I. Overview of Andrology Setup in Hong Kong IVF Hospitals
The reproductive medicine system in Hong Kong differs from that in Mainland China. Private hospitals and reproductive centers typically adopt two models for andrology configuration:
- Independent Andrology / Reproductive Andrology Clinic — Large general hospitals (e.g., Hong Kong Sanatorium Hospital, Union Hospital) have a dedicated reproductive andrology clinic within the reproductive center or under the urology department, staffed by urologists with subspecialty training in reproductive medicine. They can independently perform the entire diagnostic and treatment process from semen analysis to microdissection testicular sperm extraction.

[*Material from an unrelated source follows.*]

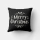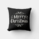 Modern Merry Christmas script throw pillow. The design features the text "Merry Christmas" in white typography with white holly berries and swirl accent elements. Makes for the best personalized gift for yourself, your friends, family members and even neighbours. We have 35+ more Christmas pillows in our collection that you will definitely love. Please check it out and get the best Christmas gift with special wishes for your special people. Merry Christmas!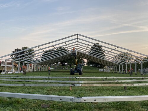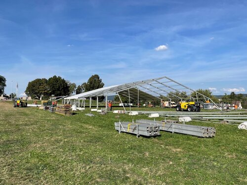 Damit das Kilchberg Schwinget durchgeführt werden kann, braucht es eine enorme Infrastruktur, findet der Anlass doch auf der «grünen» Wiese statt. Für die Verpflegung der Gäste ist ein grosses Festzelt gefragt, denn was wäre ein Schwingfest ohne Festbeiz? Dazu braucht es zahlreiche Tische, Bestuhlungen und viele kleine Pagoden-Zelte. Wie schon seit über 35 Jahren durfte die Zeltvermietung der Lenzlinger Söhne AG auch in diesem Jahr rund 150 Tonnen Material liefern. Am Zentralsten war sicherlich das Festzelt mit einer Grösse von 31 mal 110 Metern plus Küchenanbau und inklusive Bestuhlung, welches rund 4000 Gäste zur Verpflegung eingeladen hat. Dazu kamen diverse kleinere Verpflegungszelte sowie Eingangs- und Zertifikats-Kontrollzelte.

- Multidisciplinary Collaboration Model — Some reproductive centers primarily focus on gynecology-reproductive endocrinology but have fixed collaborating andrology doctors or referral pathways. If patients require testicular biopsy, microdissection testicular sperm extraction, or male endocrine regulation, they can be referred to collaborating andrology specialists through a green channel.
From an operational perspective, there are no IVF hospitals in Hong Kong "without an andrology department." Since approximately 40-50% of infertility involves male factors, reproductive centers must be capable of handling male issues; otherwise, they cannot perform core techniques such as ICSI (Intracytoplasmic Sperm Injection).
II. Differences in Andrology Services Among Different Hospitals
Although all provide andrology-related services, there are differences in service depth, technical coverage, and consultation processes. Patients should choose based on their own circumstances.
| Hospital / Center | Scope of Andrology Services | Features & Precautions |
|---|---|---|
| Hong Kong Sanatorium Hospital Reproductive Medicine Centre |
Semen analysis, sperm morphology, DNA fragmentation index, Y-chromosome microdeletion, chromosome karyotype, reproductive hormone testing, testicular/epididymal sperm aspiration (TESA/PESA), microdissection testicular sperm extraction (Micro-TESE), sperm freezing. | Andrologists are urological subspecialists, allowing one-stop completion from examination to surgery. Advance appointment for the andrology clinic is required, and doctor schedules are often full; a waiting time of 2-4 weeks is recommended. |
| Union Hospital Reproductive Centre |
Basic semen analysis, sperm morphology, sperm DNA fragmentation index, chromosome testing, reproductive hormones, epididymal/testicular sperm aspiration, microdissection testicular sperm extraction (requires collaboration with urology). | Andrology services are relatively comprehensive, but some complex surgeries (e.g., Micro-TESE) require joint arrangement with the urology department. Initial consultation can be with the reproductive department, and referral to andrology will be made after doctor evaluation. |
| Gleneagles Hospital Hong Kong Department of Reproductive Medicine |
Semen analysis, sperm morphology, DNA fragmentation index, Y-chromosome microdeletion, chromosome testing, reproductive hormone testing, epididymal/testicular sperm aspiration. | Andrology services mainly focus on examination and sperm aspiration; Micro-TESE requires referral to a collaborating male specialist center. Suitable for patients with acceptable sperm quality who do not require microsurgery. |
| Hong Kong Reproductive Medicine Centre (Central/Tsim Sha Tsui) |
Semen analysis, sperm morphology, DNA fragmentation index, chromosome testing, reproductive hormones, epididymal/testicular sperm aspiration, sperm freezing. | Private specialist center; andrology services mainly involve outpatient examinations and aspirations. If Micro-TESE is needed, referral to a collaborating hospital is arranged. Higher flexibility in appointments, with relatively shorter booking cycles. |
Note: The above information is based on publicly available materials from each institution and industry consensus. Specific service scopes may change according to doctor arrangements and policy adjustments. Please confirm with the hospital before your visit.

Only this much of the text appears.